Retype word for word the stretch of entries below from the line that has "Каждую ночь один" through the line that has "BEARDSLEY 【shoes】 sample", and omit the pictures.

Dataset excerpts:
####################

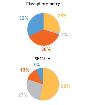 In both cases, SEC and mass photometry were found to provide comparable results. Where there were differences in the data captured by both techniques, it is most likely that these relate to the parameters and/or criteria used for peak integration.
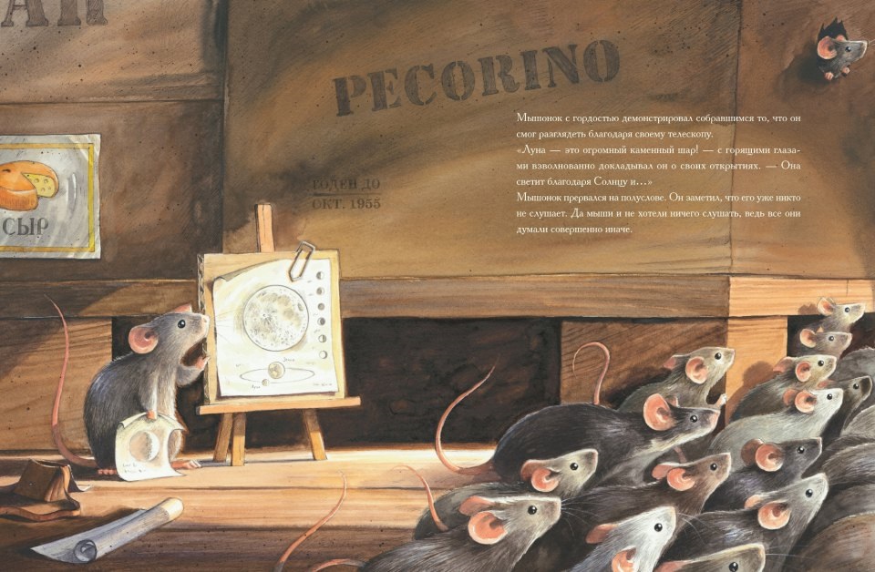 Каждую ночь один маленький любознательный мышонок сквозь телескоп наблюдает за Луной. В это же время его сородичи, сплошь во власти сырного помешательства, решают, может ли Луна и вправду быть огромной головкой сыра. Вдохновившись новаторскими достижениями мышиной авиации, мышонок принимает судьбоносное решение: он станет первым мышонком на Луне.
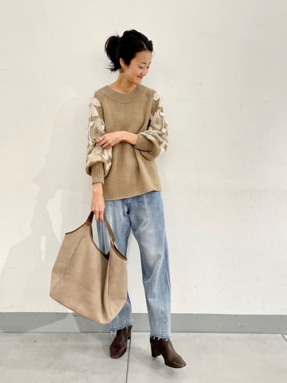 【knit】着用サイズ:F ご予約開始して大人気の花ジャガードニット。 お色違いのベージュがご予約開始。 モカよりのベージュカラーに、お袖のホワイトトーンのジャガードがデニムとの相性も良く、 カジュアルな合わせもかわいいです。 襟元やお袖がリブになっていてきゅっと上げると留まりますが、締め付けのないリブなのでストレスフリーで着ていただけます。 私の身長でおしりにかかる長さ。 パンツでもスカートでも合わせられる着丈です。 洗濯 :ドライクリーニング 伸縮性:あり 透け感:なし 裏地 :なし 【denim】着用サイズ:0 スタッフ人気も高いリメイク風デニム。 とても柔らかくて普通のデニムより薄手の生地なので軽やかな穿き心地です。 裾は切りっぱなしで、タックを入れて丸みのあるシルエットに。 デニム好きにはたまらない1本です。 今回は0サイズを腰穿きしています。 洗濯 :手洗い可 伸縮性:なし 透け感:なし 裏地 :あり 【bag】 BEARDSLEY 【shoes】 sample
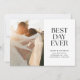 This modern wedding announcement features the words "best day ever" on the right with space for a photo on the left along with space for another photo on the back. Use it as a wedding or elopement announcement.
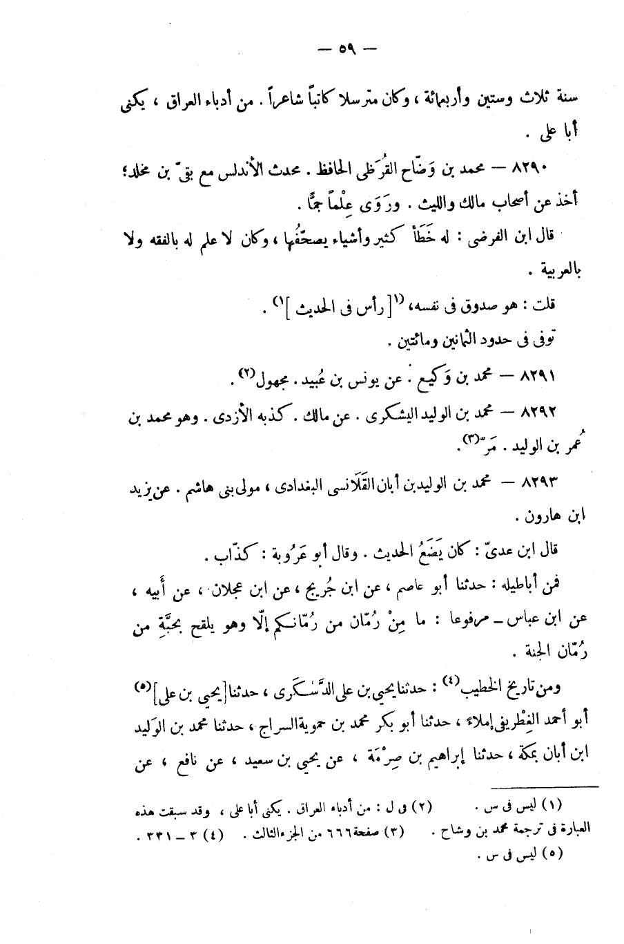 ومن تاريخ الخطيب (4) : حدثنا يحيى بن علي الدسكرى، حدثنا [يحيى بن علي] (5) أبو أحمد الغطريفى إملاء، حدثنا أبو بكر محمد بن حموية السراج، حدثنا محمد بن الوليد ابن أبان بمكة، حدثنا إبراهيم بن صرمة، عن يحيى بن سعيد، عن نافع، عن

####################

#### [Response to this exercise]
 Каждую ночь один маленький любознательный мышонок сквозь телескоп наблюдает за Луной. В это же время его сородичи, сплошь во власти сырного помешательства, решают, может ли Луна и вправду быть огромной головкой сыра. Вдохновившись новаторскими достижениями мышиной авиации, мышонок принимает судьбоносное решение: он станет первым мышонком на Луне.
 【knit】着用サイズ:F ご予約開始して大人気の花ジャガードニット。 お色違いのベージュがご予約開始。 モカよりのベージュカラーに、お袖のホワイトトーンのジャガードがデニムとの相性も良く、 カジュアルな合わせもかわいいです。 襟元やお袖がリブになっていてきゅっと上げると留まりますが、締め付けのないリブなのでストレスフリーで着ていただけます。 私の身長でおしりにかかる長さ。 パンツでもスカートでも合わせられる着丈です。 洗濯 :ドライクリーニング 伸縮性:あり 透け感:なし 裏地 :なし 【denim】着用サイズ:0 スタッフ人気も高いリメイク風デニム。 とても柔らかくて普通のデニムより薄手の生地なので軽やかな穿き心地です。 裾は切りっぱなしで、タックを入れて丸みのあるシルエットに。 デニム好きにはたまらない1本です。 今回は0サイズを腰穿きしています。 洗濯 :手洗い可 伸縮性:なし 透け感:なし 裏地 :あり 【bag】 BEARDSLEY 【shoes】 sample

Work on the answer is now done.